Perjalanan ke Jogja akhir pekan lalu sungguh menggembirakan. Selain sepanjang waktu bercanda ria menikmati keindahan dan suasana khas Jogja, ini adalah perjalanan yang memberi pengetahuan baru buat saya. Bus yang mengantar kami menyuguhkan tontonan dangdut sepanjang perjalanan. Awalnya saya tak tertarik. Lama-lama lirik lagu dangdut koplo itupun menggoda saya untuk memberi perhatian. Saya pun mulai cerewet menginterogasi pemandu yang sejak awal saya perhatikan amat menikmati lagu-lagu yang disajikan.

Tak kalah, pak sopir yang sudah paruh baya ikut berdendang, hampir hafal semua syair dan larut dalam dendang yang penuh penghayatan. Keduanya dengan antusias menerangkan bahwa penyanyi cantik itu bernama Nella Kharisma, asal Nganjuk, Jawa Timur. “Tarif manggungnya sudah hampir sama dengan Via Vallen,” selorohnya meyakinkan.

Saya kembali tercekat dan mendadak merasa sangat bodoh. Nama terakhir ini cukup familiar dan saya kira seorang artis mancanegara yang sedang populer. Tak tahunya, Via Vallen adalah pedangdut yang sedang nge-hits.

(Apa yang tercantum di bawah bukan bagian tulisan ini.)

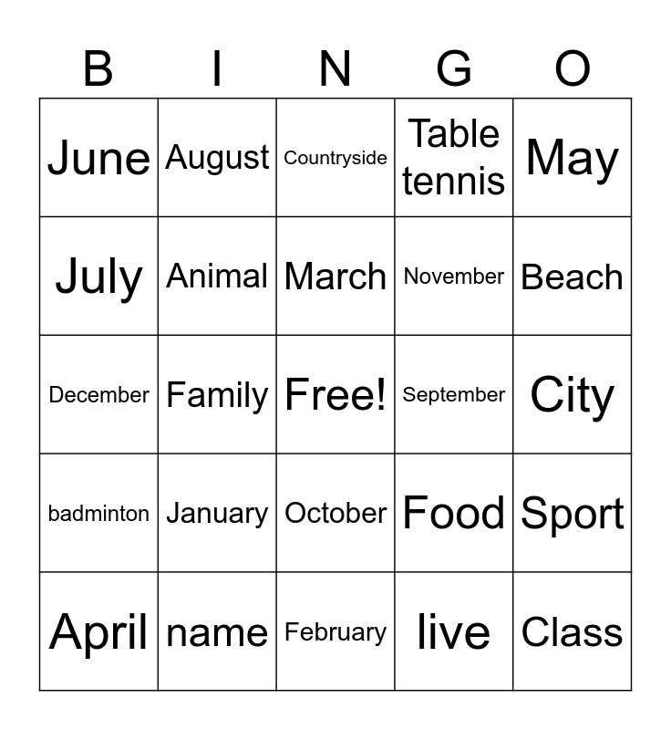 This bingo card has a free space and 25 words: January, February, March, April, May, June, July, August, September, October, November, December, Food, Sport, Animal, Color, City, Countryside, Beach, Family, Class, name, badminton, Table tennis and live.

Jari saya pun lantas berselancar di mesin pencari, dan menemukan siapa sejatinya Via Vallen dan Nella Kharisma.

Ingatan saya akhirnya terbetot ke masa lalu, ketika menikmati hidup di dusun yang lekat dengan musik dangdut. Saya dibesarkan oleh tradisi dangdut keliling, mirip ketoprak tobong, yang pentas dari satu desa ke desa untuk menghibur dan mengais rejeki.

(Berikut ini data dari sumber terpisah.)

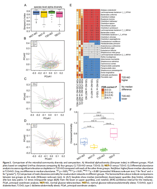 1、四組中不同的腸道微生物組特征在我們的健康人群和新診斷出的?T2D腹部肥胖人群中,擬桿菌、厚壁菌門和變形菌門是所有組中主要的門。這些門占腸道微生物組成的?96%?以上,其他細菌的豐度要低得多(平均低于?4%)。與其他三組相比,T2D-NO組厚壁菌門的相對豐度較高(30%),擬桿菌門的豐度較低(62%)。然而,在四組之間在門水平上沒有觀察到顯著差異(例如,厚壁菌門?p = 0.17,擬桿菌門?p = 0.31,Kruskal-Wallis?檢驗)。在分類分析后?,對四組間的多樣性進行了比較。結果顯示盡管所有四組中的細菌集高度相似,但與其他三組相比,T2D-NO 組的豐度分布異于其他。更具體地說,在?T2D-NO?和?T2D-O?組(p = 0.012,PERMANOVA)(圖?2C)和?T2D-NO?和?NGT-O?組(p = 0.03,PERMANOVA)中差異顯著。NGT-NO?和?T2D-NO?組之間存在分離趨勢,但差異并不顯著(p = 0.108,PERMANOVA)。從?PCoA?中發現?NGT-O?和?T2D-O?組具有高度相似的整體腸道微生物群落特征(圖?2D)(p = 0.918,PERMANOVA)。在物種差異分析中發現,盡管T2D-NO?和?NGT-NO?對照組沒有表現出顯著的群落水平差異,但發現兩個組之間的個體物種差異豐富(圖?2E),例如Akkermansia muciniphila ,Paraprevotella xylaniphila, Ruminococcaceae bacterium和Prevotella copri,,表明?T2D-NO?和?NGT-NO?組的特征在于某些微生物,而不是整個群落的巨大變化。4組的菌群共生網絡分析顯示NGT-O?網絡比?NGT-NO?對照組更小、更簡單,但比T2D-O?組更復雜(圖?2F)。對4組中菌群功能比較發現,T2D-NO?個體的微生物群可能具有較低的碳水化合物利用能力和較高的BCAAs(支鏈氨基酸)?生產能力。此外,與?NGT-NO?微生物組相比,參與碳水化合物代謝(包括“半乳糖降解”)的?KEGG?模塊在?T2D-NO?中高度富集。

Dangdut adalah hiburan rakyat, karena memantulkan apa yang diinginkan rakyat: rileks, menjauhi rutinitas, berdendang dan bergoyang, dan egaliter. Dalam lautan manusia yang tersihir entah oleh musik yang kendangnya ditabuh kencang, suara penyanyi yang seksi, ataupun pakaian penyanyi yang biasanya seronok menggoda.  Bagi yang biasa menyambangi Purawisata Yogyakarta, tentu nama-nama seperti Yayuk Parabola, Oky Ardila, dan Vivien Vania adalah legenda yang bermukim di ingatan sebagian masa lalu kita.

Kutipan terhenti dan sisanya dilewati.